Kanika realised with a panicked shudder that the Vraithan holding her far too close was the Crown Prince, the son of the man and woman who had lead the charge against Argorien and slaughtered hundreds, if not thousands of Ilaseans who got in their way.
“You should come to the palace,” Atham slurred, still holding Kanika close. “Your friend will understand, I’m sure.”

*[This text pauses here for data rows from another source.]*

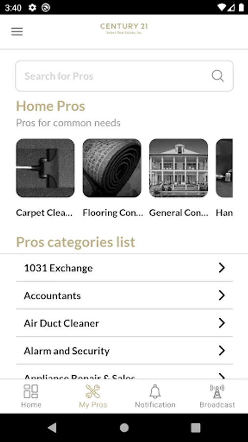 The CENTURY 21 Select Concierge App allows all CENTURY 21 Select Concierge clients to find the top rated home pros like cleaners, painters etc. recommended by your CENTURY 21 Select Concierge agent. You can also get timely reminders for your home such as changing your filter or checking your HVAC unit so that you don't have to remember those minute details to manage your home. Finally you can also get real time messages from your agent on all things happening in your neighborhood.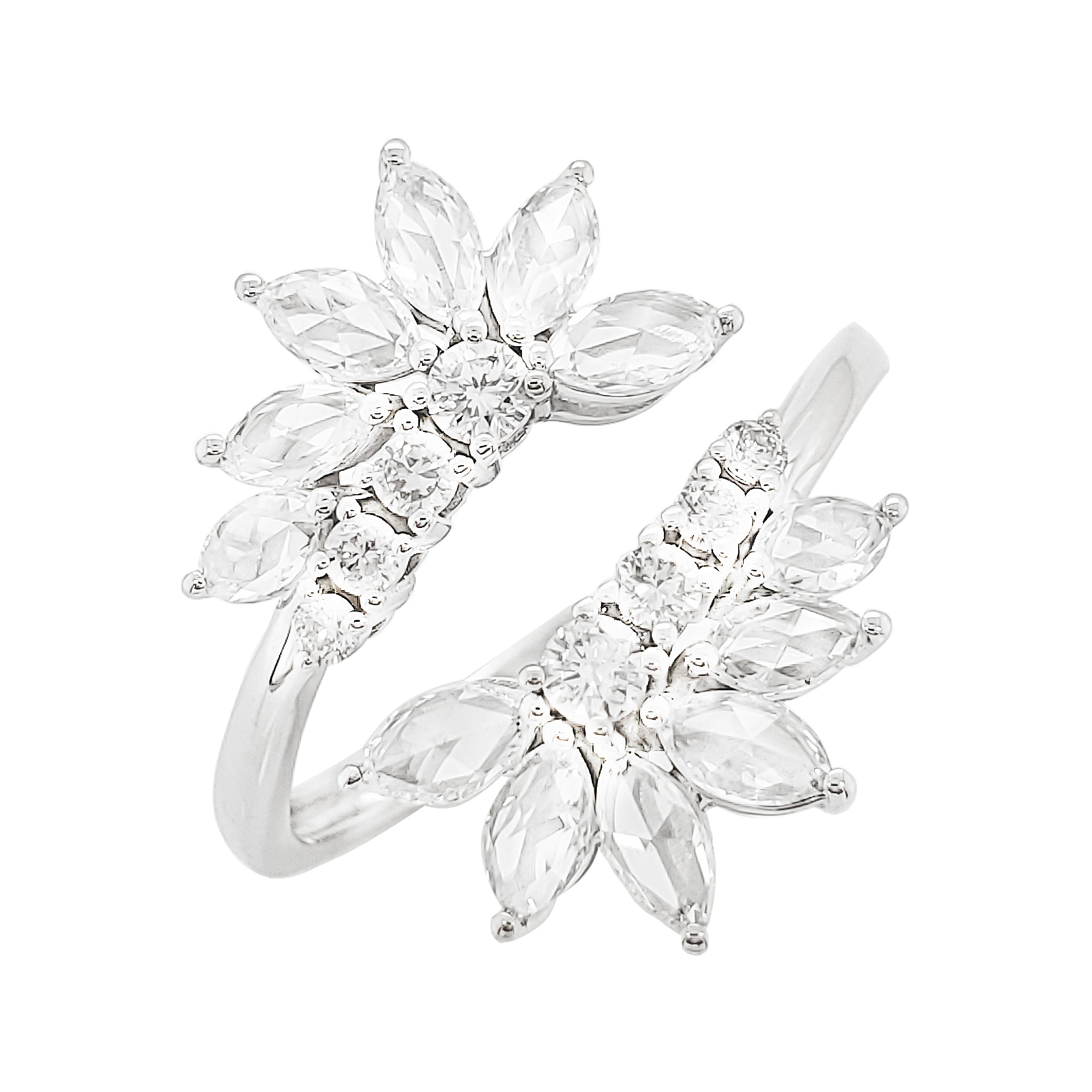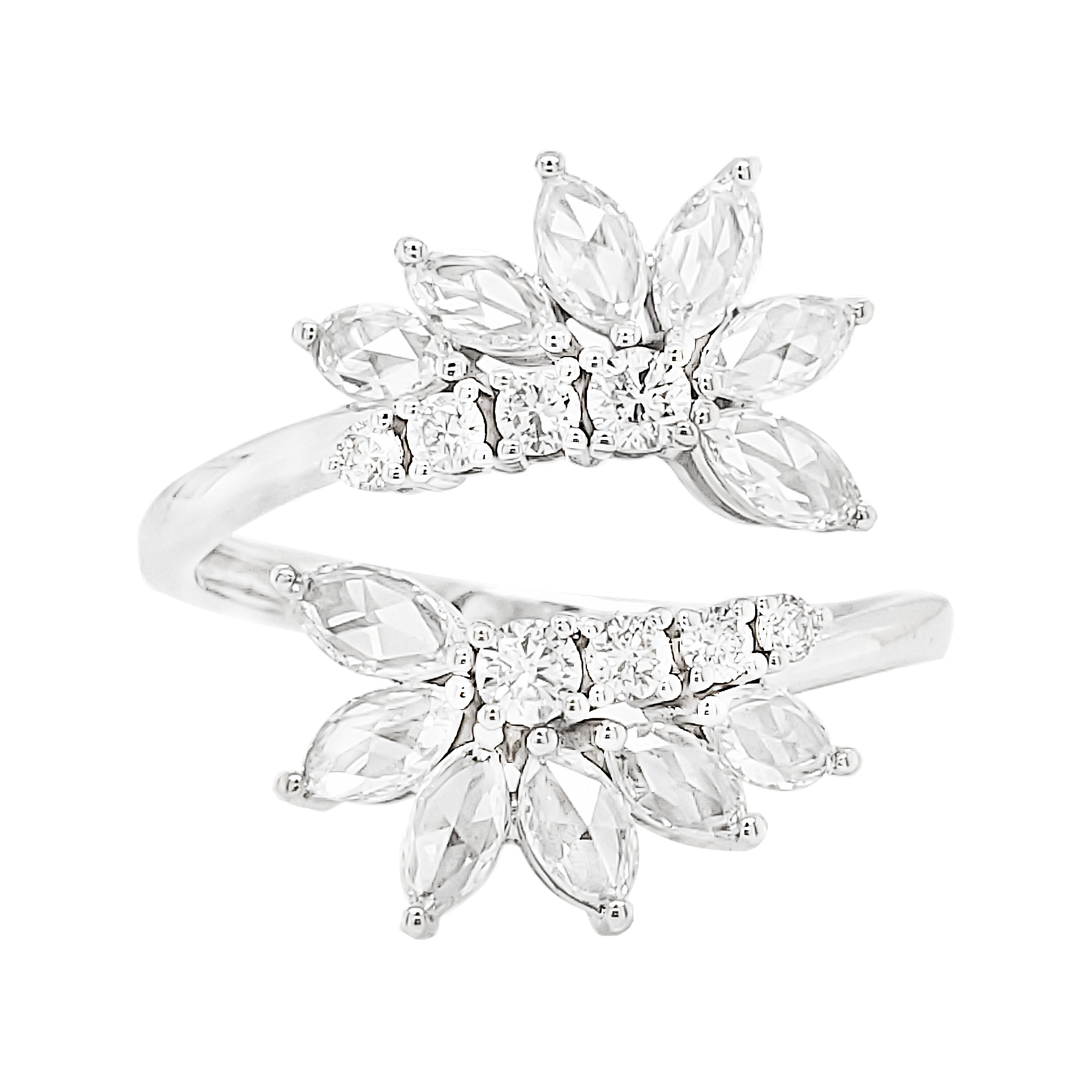 18k gold ring natural diamonds rose cut floral by-pass ring.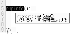 エディタとして、シンタックスハイライト(コードの色付け)がないとはじまりません。この機能は、どのエディタにも大抵あります。初心者に限らずPHPになれた方でも、しょうもないtypoでエラーをだしたりしますよね。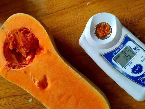 忌廉南瓜的甜也是經過儀器檢測認證過的適中的甜!普通南瓜的甜度大概在9度左右,但經過儀器檢測後的忌廉南瓜的甜度是15.7度。比普通南瓜高了整整6度左右!

Almost as quickly as the drunken group had set upon them, they were on their way again, leaving Tellio to watch helplessly as Kanika was borne along with them. As they left, the guard that the Vraithan had insulted earlier pushed off the wall she’d been leaning on and approached Tellio, saying something and pointing at the sky.
Kanika tried to break free and go back to him, but the drunken Vraithii nobles were pressed in at all sides, jostling and laughing, and Kanika lost sight of her beloved.
“Cruel Ilas raged, but all for nought, and wept ten thousand days. Mannem will sleep eternal, lest the Slayer find her sweet reward in souls a pair like they.”